··· Information given ···

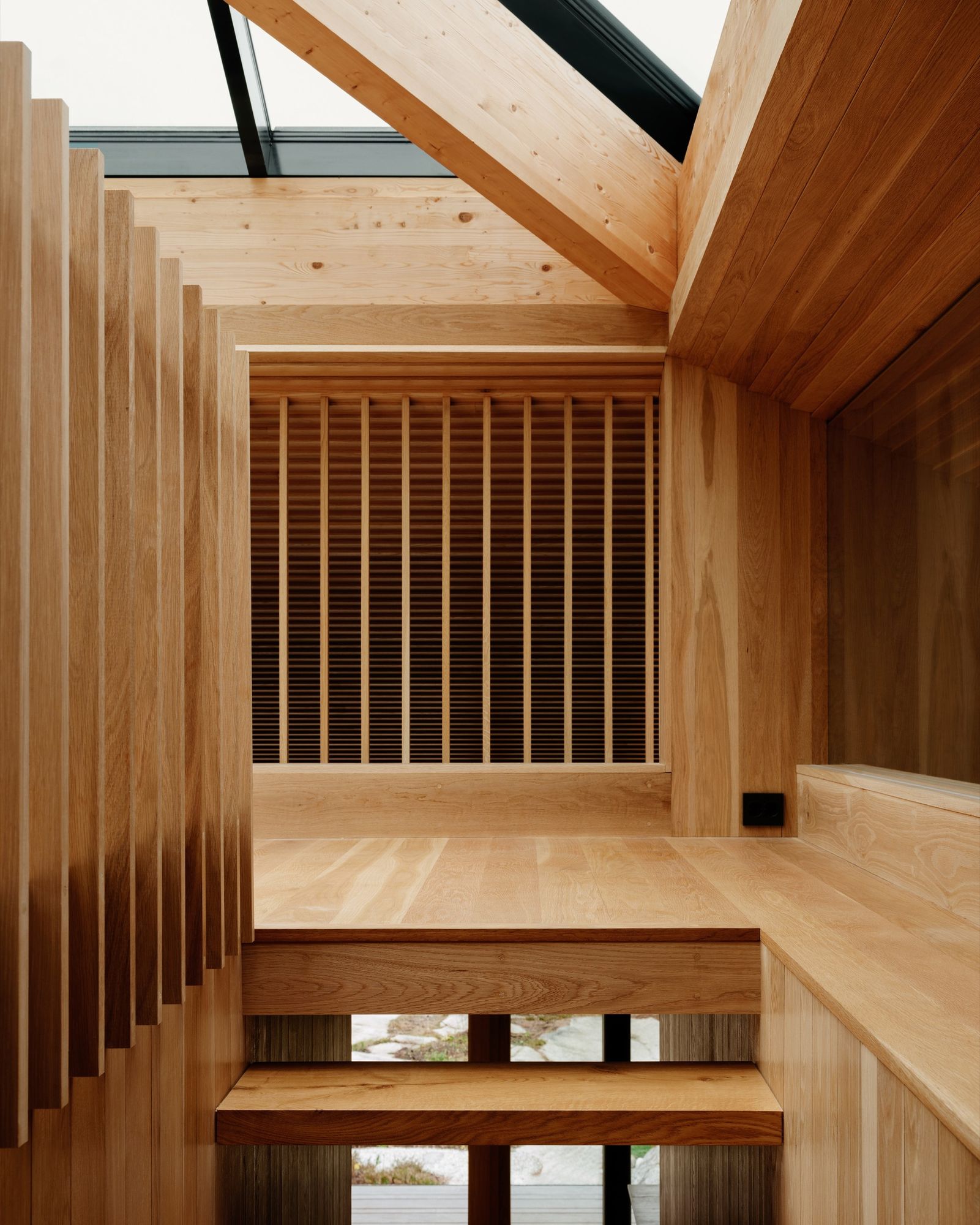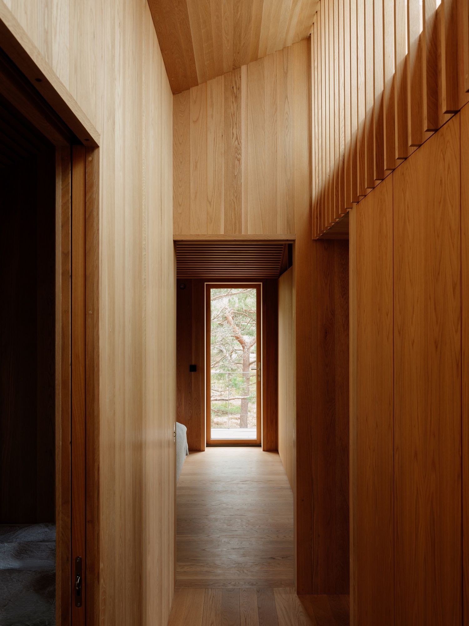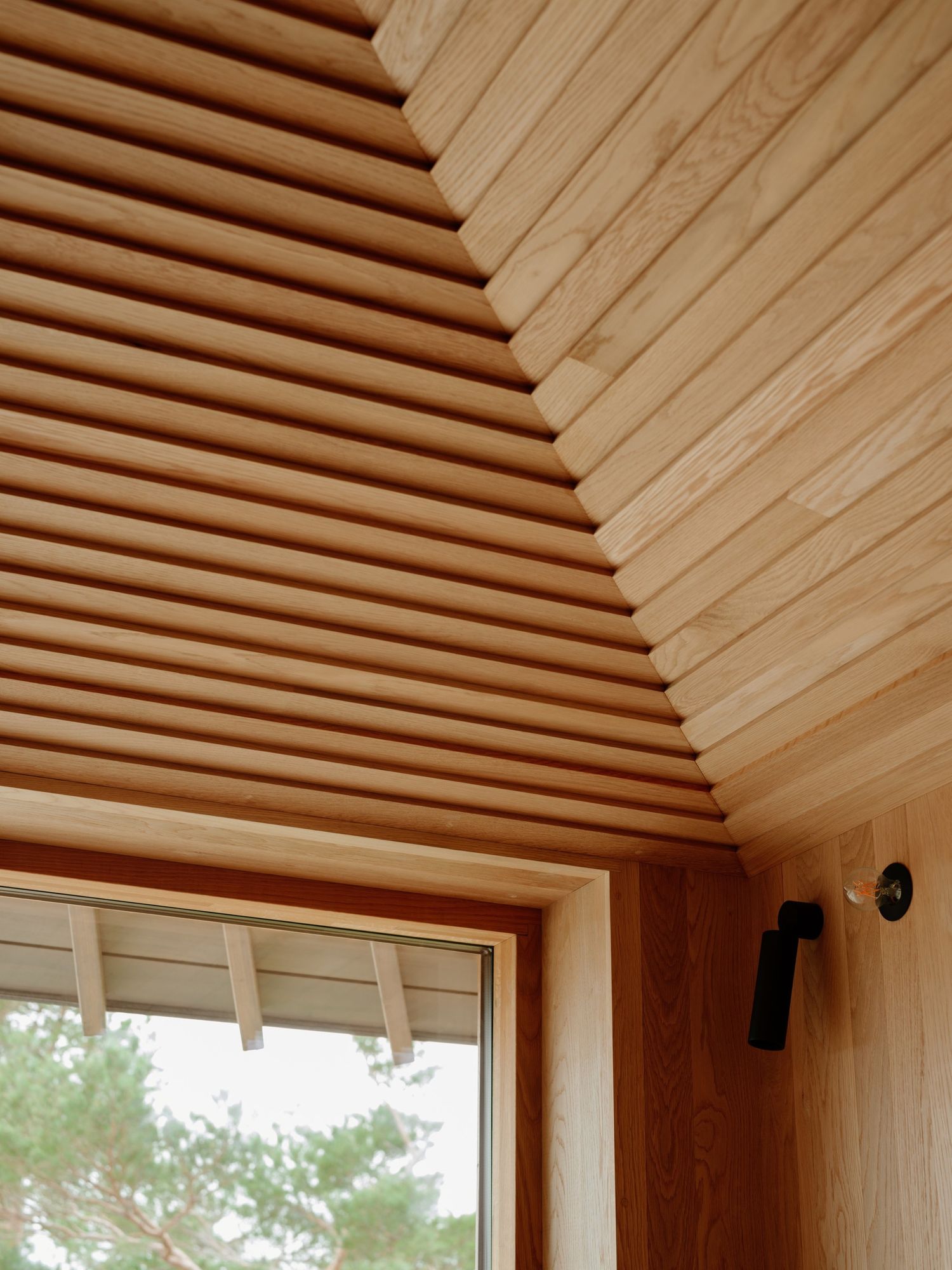 Cladding is in cedar and has different widths. There are also pillars with two different profiles. One is square and the other is deeper and concave. It provides a rich play of light and shadows in the facade. The profiles are designed and specially made at a local sawmill. The outside gallery is clad in burnt cedar to emphasize the envelope of the space within
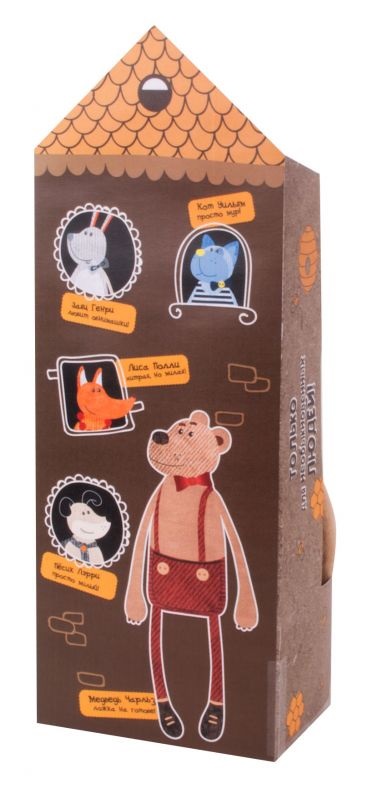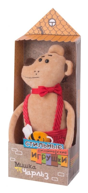 Этот медведь как будто собрался на званый ужин, поэтому надел яркий красный костюмчик и повязал на шее бабочку. Дети легко придумают и другие весёлые сюжетные игры с участием забавной мягкой игрушки с гипоаллергенным наполнителем внутри и необычной упаковкой в виде домика.
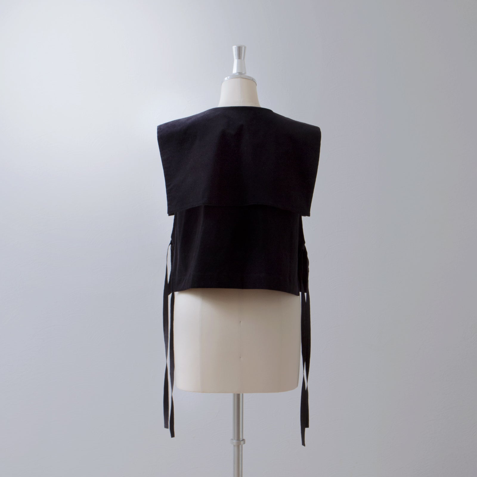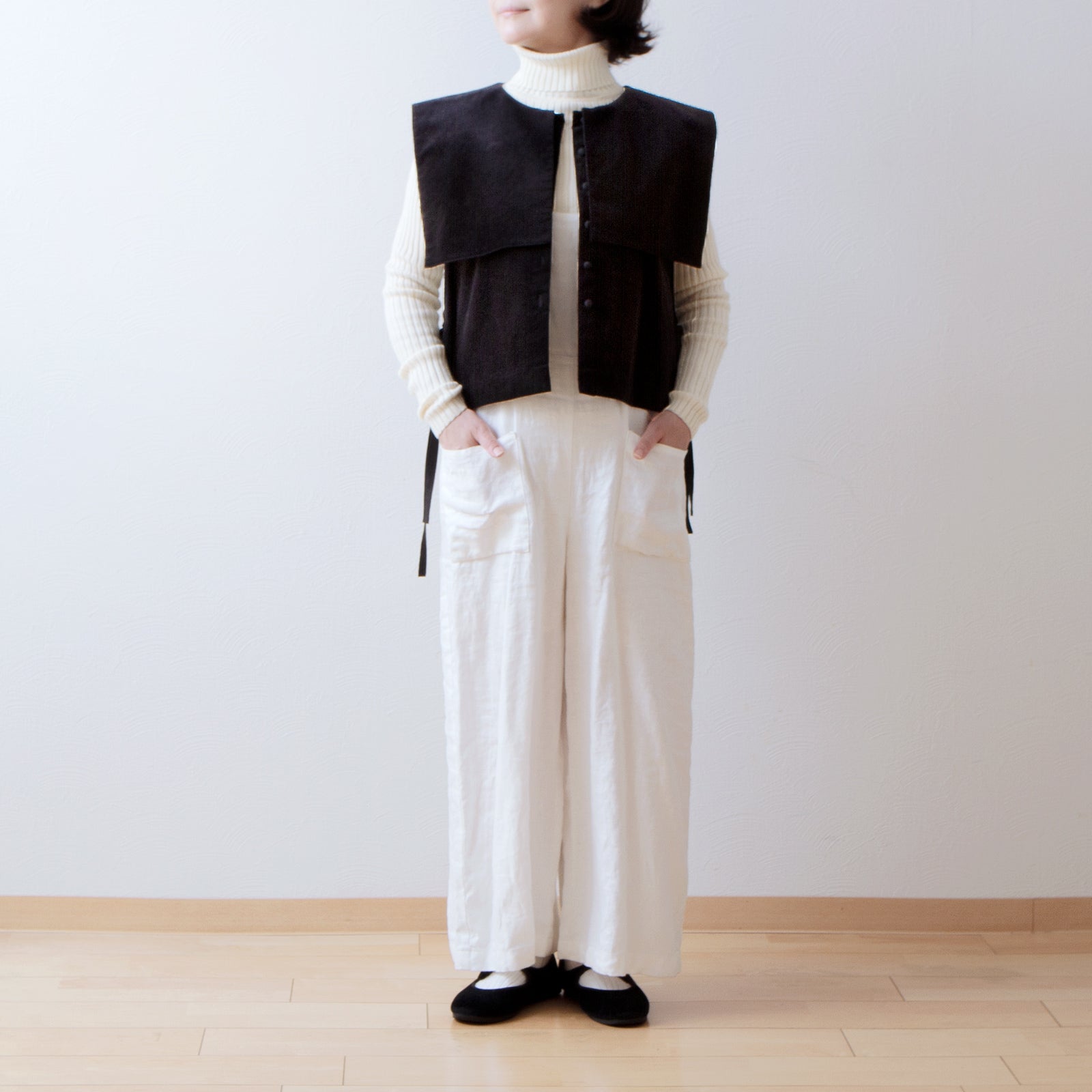 ・カシュクールサロペットワイドパンツ-リネン/ブラック
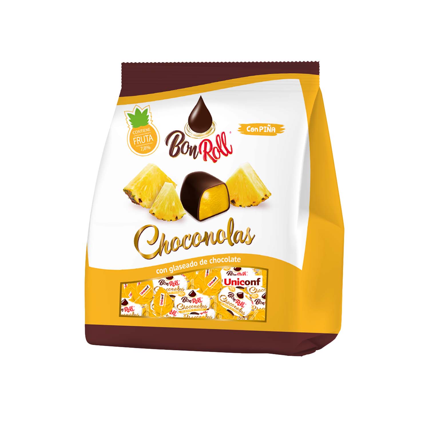 Zutaten: Zucker; Glukosesirup; Schokoladenglasur (21%) (Zucker, Kakaomasse, Kakaobutter, Emulgator: Sojalecithin, Aroma); Apfelpüree (3,9%); Ananassaft (3,9%); Feuchthaltemittel: Glycerin; Geliermittel: Pektin; Säureregulatoren: Natriumcitrat, Citronensäure; Aroma: Ananas; Farbstoff: gelb. Kakaogehalt in Schokolade: 52%
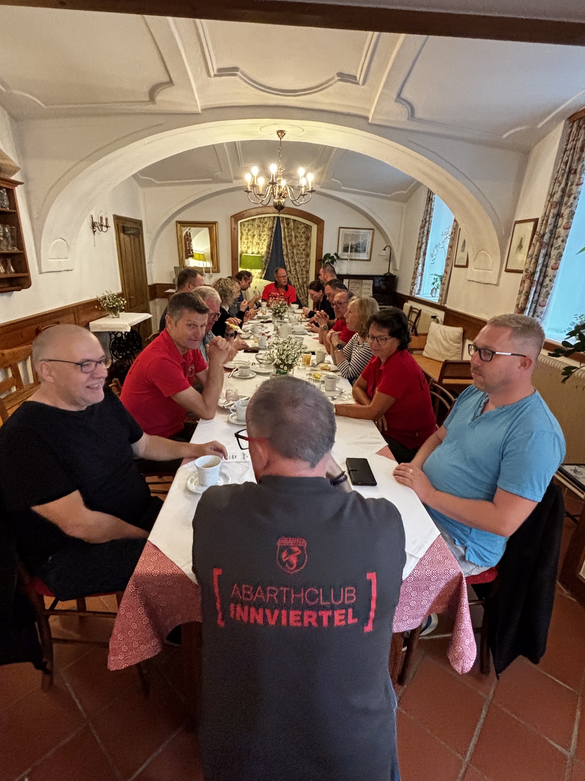 9 Abarth und 16 Personen trafen sich im „Gasthaus See“ am Mondsee, bei etwas trübem Wetter, zur Mittagszeit.
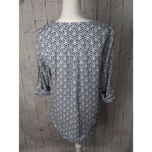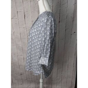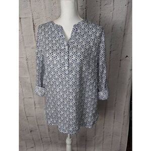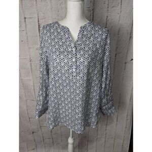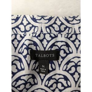 Talbots White Blue Linen Half-Button Long Sleeve Blouse Shirt Top Sz M Medium
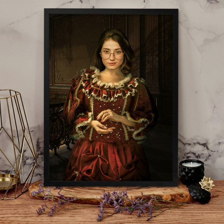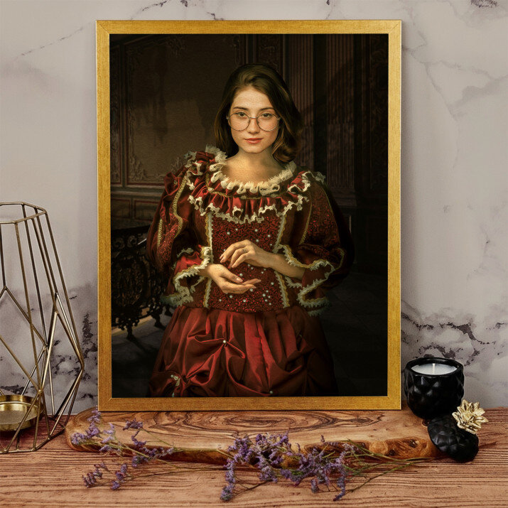 Ta ramka złota z portretem Królewny jest piękna i elegancka. Doskonała ozdoba wnętrza.
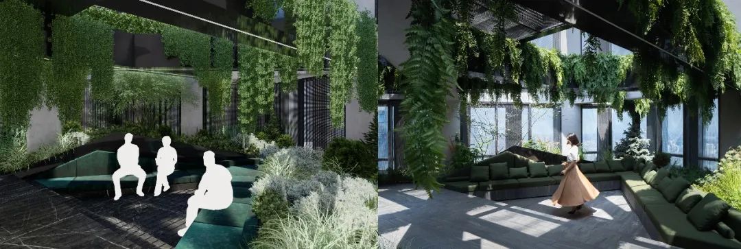 The optimal viewing spot eliminates metal mesh for the best view.在原有的梁柱的基础上,局部增强了柱网的序列感,衍生出了和梁体量相似的空中种植盒,为竖向添上一抹东北地区少见的森森绿意,漫出的垂挂植物也像幔帐一样对不同功能空间增加界定,又兼具趣味性与层次感。Enhancing the column grid created
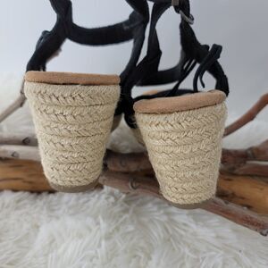 great condition black suede fringe and braided sandal espadrilles wedges.
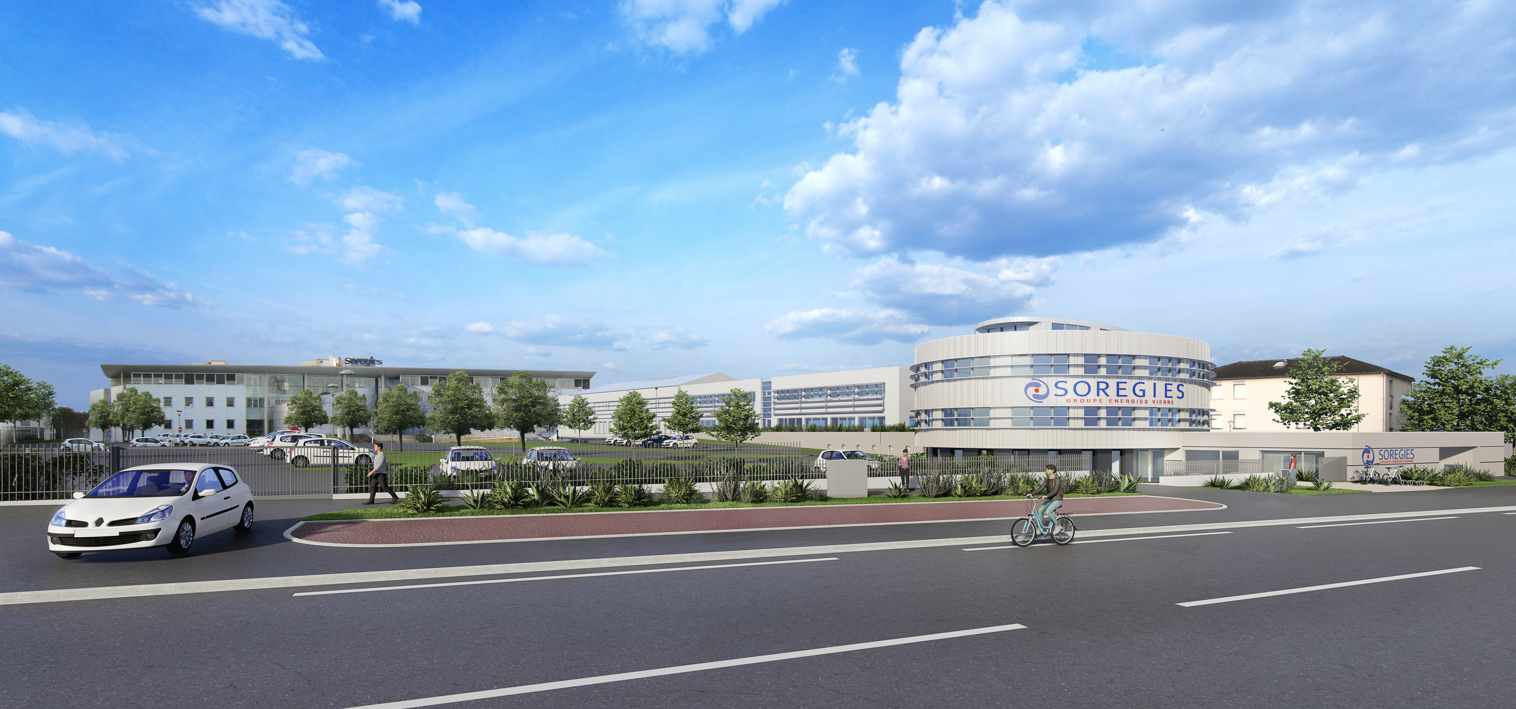 Le projet s’inscrit dans le prolongement d’un bâtiment existant, l’extension se déploie vers l’avenue afin de créer un «évènement» architectural dynamique et valorisant. Une partie des services est implantée dans un immeuble de forme ovale. Cette volumétrie permet de créer un «événement» urbain fort. Ainsi l’entrée du public et des visiteurs est en liaison directe avec l’avenue. Ces deux volumes reliés permettent à la fois une lecture homogène de l’ensemble des services, et une cohérence architecturale propice à la lisibilité du rôle prépondérant de SOREGIES dans le domaine de l’énergie.
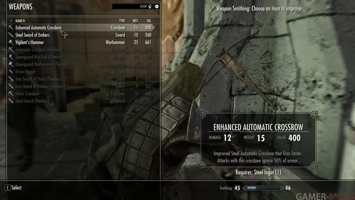 Добавляет автоматические стальные арбалеты и двемерские арбалеты гномов из дополнения Dawnguard.
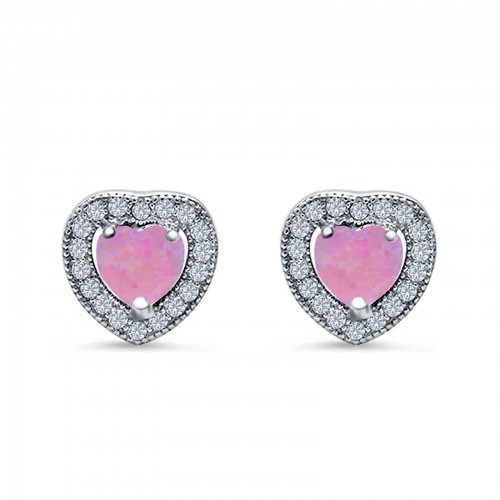 Halo Heart Engagement Lab Created Pink Opal Earrings 925 Sterling Silver

···

● What you will do
Set the pictures aside and retype exactly the lines above from the line with "Talbots White Blue" to the line with "Ta ramka złota", both included, adding no others.

● Result of the exercise
 Talbots White Blue Linen Half-Button Long Sleeve Blouse Shirt Top Sz M Medium
 Ta ramka złota z portretem Królewny jest piękna i elegancka. Doskonała ozdoba wnętrza.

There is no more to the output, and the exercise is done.